- Born: September 8, 1925 (age 100) Mamou, Louisiana, U.S.
- Education: Southwestern Louisiana Institute
- Occupations: Activist, political organizer
- Known for: Founding the Veteran Feminists of America Representative of National Organization for Women
- Title: President of Veteran Feminists of America
- Spouse: Alvaro Ceballos ​(m. 1951)​
- Children: 4
- Website: www.veteranfeministsofamerica.org

= Jacqueline Ceballos =

American feminist and activist (born 1925)

Jacqueline Michot Ceballos (born September 8, 1925) is an American feminist and activist. Ceballos is the former president of New York Chapter of the National Organization for Women and founder of the Veteran Feminists of America organization which documents the history of second-wave feminism and pioneer feminists. Ceballos' 1971 debate on sexual politics with Norman Mailer and Germaine Greer is recorded in the 1979 film Town Bloody Hall. Ceballos is also featured in the feminist history film She's Beautiful When She's Angry.

==Early life==
Ceballos was born Jacqueline Michot in Mamou, Louisiana, on September 8, 1925. The daughter of Louis Michot and Adele Domas, Ceballos was the middle child of seven children. She attended public school in Lafayette and studied music at Southwestern Louisiana Institute. After majoring in voice, Ceballos moved to New York City to pursue a career in opera.

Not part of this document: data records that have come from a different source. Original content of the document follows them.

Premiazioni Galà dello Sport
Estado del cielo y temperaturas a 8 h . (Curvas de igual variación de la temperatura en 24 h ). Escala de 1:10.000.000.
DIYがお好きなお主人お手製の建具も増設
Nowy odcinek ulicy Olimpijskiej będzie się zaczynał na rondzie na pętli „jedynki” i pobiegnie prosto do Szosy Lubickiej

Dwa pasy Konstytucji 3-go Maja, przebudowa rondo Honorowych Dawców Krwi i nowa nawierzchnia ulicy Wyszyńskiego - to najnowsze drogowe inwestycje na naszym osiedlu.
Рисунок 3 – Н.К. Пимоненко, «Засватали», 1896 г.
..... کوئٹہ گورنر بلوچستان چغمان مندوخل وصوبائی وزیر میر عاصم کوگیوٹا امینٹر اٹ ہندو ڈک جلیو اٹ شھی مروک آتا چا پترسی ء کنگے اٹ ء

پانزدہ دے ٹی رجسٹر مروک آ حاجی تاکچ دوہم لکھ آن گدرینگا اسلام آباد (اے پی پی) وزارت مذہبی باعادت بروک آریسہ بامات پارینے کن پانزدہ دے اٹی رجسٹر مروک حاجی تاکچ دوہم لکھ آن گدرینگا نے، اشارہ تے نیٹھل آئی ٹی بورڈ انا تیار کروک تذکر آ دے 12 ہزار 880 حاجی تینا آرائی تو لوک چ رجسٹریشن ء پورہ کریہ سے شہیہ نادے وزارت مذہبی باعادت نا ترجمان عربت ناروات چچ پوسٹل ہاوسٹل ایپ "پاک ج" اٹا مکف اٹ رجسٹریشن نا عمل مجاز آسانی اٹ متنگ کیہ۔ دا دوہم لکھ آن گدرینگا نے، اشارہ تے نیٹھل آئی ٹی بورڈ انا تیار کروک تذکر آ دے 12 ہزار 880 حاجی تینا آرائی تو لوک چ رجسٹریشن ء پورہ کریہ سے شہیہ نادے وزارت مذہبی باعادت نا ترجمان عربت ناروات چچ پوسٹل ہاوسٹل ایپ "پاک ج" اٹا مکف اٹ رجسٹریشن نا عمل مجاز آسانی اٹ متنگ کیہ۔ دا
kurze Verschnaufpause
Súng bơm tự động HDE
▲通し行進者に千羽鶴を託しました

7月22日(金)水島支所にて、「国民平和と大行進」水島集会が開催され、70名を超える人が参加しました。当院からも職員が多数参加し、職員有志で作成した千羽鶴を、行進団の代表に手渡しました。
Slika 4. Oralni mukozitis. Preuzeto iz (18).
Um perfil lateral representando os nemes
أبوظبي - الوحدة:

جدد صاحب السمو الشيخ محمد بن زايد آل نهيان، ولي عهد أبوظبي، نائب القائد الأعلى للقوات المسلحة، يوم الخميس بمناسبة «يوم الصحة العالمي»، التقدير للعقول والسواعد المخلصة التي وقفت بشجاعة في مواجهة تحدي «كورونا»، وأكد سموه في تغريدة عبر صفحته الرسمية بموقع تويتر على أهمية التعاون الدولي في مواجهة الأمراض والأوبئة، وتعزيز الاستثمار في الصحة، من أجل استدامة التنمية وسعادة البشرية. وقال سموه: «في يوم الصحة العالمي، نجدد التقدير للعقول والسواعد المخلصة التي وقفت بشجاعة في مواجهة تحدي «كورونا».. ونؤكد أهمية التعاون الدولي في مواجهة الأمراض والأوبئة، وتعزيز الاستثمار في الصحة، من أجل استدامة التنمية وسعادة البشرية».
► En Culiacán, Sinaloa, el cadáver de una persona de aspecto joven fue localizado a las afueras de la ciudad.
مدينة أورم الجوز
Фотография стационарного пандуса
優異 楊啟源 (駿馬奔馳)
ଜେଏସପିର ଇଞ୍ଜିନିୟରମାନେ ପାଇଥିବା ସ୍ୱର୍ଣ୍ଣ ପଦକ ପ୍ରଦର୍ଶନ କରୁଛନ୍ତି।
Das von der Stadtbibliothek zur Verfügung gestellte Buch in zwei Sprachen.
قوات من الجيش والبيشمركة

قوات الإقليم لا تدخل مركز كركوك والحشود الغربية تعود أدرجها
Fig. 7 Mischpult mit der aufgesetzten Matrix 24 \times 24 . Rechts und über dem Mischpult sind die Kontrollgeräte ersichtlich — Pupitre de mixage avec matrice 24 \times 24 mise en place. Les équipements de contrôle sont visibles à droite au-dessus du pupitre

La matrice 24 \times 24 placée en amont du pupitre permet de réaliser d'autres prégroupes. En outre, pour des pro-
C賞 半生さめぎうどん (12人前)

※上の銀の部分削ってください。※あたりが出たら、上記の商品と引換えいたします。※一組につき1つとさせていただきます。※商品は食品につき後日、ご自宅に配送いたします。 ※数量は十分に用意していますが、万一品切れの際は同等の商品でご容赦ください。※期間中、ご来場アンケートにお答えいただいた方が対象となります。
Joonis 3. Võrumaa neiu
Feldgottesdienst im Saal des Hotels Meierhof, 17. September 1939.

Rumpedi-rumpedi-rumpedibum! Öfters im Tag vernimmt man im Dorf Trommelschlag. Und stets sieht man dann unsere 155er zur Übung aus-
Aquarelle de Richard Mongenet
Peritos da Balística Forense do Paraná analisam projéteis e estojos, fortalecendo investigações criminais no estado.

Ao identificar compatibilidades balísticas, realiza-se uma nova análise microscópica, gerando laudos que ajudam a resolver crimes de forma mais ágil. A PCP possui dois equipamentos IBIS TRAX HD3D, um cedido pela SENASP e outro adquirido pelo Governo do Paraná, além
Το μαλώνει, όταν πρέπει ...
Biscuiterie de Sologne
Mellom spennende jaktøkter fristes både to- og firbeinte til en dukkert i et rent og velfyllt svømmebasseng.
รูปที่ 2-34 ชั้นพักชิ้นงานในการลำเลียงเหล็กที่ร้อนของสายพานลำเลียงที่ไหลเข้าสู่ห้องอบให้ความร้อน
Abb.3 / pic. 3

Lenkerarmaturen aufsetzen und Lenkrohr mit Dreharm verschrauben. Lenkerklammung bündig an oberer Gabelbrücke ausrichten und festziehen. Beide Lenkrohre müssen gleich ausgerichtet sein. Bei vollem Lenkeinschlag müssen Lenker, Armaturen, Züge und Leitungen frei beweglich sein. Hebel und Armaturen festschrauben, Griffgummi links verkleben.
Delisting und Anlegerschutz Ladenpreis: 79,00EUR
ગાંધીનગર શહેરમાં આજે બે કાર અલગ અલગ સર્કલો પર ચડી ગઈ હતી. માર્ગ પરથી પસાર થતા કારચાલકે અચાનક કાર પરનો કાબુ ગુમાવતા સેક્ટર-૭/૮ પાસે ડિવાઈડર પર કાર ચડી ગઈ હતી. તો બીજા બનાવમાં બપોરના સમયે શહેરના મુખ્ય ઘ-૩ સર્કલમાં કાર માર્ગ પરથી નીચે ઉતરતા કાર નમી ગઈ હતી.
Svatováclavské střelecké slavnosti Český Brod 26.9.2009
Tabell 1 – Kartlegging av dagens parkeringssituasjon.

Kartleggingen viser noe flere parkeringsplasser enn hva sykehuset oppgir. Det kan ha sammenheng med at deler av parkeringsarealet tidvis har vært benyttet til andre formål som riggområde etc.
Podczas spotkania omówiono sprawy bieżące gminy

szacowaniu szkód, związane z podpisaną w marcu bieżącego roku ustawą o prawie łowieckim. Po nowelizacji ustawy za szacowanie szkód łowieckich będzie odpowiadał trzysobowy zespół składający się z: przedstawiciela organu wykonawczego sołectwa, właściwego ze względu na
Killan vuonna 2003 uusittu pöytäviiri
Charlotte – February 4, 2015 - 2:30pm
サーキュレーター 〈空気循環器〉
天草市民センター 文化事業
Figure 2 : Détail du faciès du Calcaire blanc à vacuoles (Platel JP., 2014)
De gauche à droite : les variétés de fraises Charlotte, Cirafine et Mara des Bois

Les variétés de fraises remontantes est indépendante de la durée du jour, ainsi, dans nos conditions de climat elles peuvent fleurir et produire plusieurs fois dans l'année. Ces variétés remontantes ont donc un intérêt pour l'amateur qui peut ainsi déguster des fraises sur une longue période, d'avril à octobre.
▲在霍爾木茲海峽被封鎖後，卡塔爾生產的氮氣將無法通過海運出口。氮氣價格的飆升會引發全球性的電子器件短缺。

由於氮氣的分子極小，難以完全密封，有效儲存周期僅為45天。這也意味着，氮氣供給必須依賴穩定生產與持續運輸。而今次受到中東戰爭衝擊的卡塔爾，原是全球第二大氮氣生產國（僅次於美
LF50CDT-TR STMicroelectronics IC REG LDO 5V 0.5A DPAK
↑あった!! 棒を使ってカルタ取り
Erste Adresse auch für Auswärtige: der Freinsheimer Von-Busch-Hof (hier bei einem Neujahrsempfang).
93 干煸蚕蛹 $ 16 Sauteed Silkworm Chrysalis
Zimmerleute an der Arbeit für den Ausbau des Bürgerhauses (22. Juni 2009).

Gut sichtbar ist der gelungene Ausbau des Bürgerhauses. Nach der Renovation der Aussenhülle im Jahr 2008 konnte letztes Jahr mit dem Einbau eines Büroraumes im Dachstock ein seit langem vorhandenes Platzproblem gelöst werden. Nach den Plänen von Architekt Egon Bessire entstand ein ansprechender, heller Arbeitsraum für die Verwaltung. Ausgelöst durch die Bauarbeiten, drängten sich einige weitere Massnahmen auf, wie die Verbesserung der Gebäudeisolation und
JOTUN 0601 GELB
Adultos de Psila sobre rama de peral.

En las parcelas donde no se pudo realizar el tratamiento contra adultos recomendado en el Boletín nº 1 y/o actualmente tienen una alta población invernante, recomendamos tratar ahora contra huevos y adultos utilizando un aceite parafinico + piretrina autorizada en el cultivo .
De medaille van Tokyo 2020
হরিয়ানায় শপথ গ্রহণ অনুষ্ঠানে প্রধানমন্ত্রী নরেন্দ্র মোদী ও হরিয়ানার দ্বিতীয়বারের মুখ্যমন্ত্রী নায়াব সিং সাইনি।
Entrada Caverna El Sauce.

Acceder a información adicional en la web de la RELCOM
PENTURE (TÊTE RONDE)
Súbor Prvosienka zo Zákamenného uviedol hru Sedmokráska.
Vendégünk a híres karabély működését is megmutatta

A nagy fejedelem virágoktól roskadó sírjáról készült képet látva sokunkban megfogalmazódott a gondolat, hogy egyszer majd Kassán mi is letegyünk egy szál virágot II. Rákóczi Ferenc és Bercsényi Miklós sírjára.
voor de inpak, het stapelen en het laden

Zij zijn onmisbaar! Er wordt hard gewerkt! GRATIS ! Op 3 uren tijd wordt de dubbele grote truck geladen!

In 1951 Ceballos married Colombian businessman Alvaro Ceballos with whom she had four children. After the family moved to Bogotá, Colombia, in 1958, Ceballos founded the city's first opera company, El Teatro Experimental de la Opera. During the break-up of her marriage, Ceballos was given Betty Friedan's The Feminine Mystique to read, which she later said inspired her toward activism in the feminist movement. Her husband helped her open an export-import clothing business in New York.

==Activism==
In 1967, Ceballos moved back to New York City with her four children where she attended her first National Organization for Women (NOW) meeting. She served on the boards of NOW at the national and local levels from 1967–1973 and formed a public relations committee and speakers bureau. She co-founded the New Feminist Theater.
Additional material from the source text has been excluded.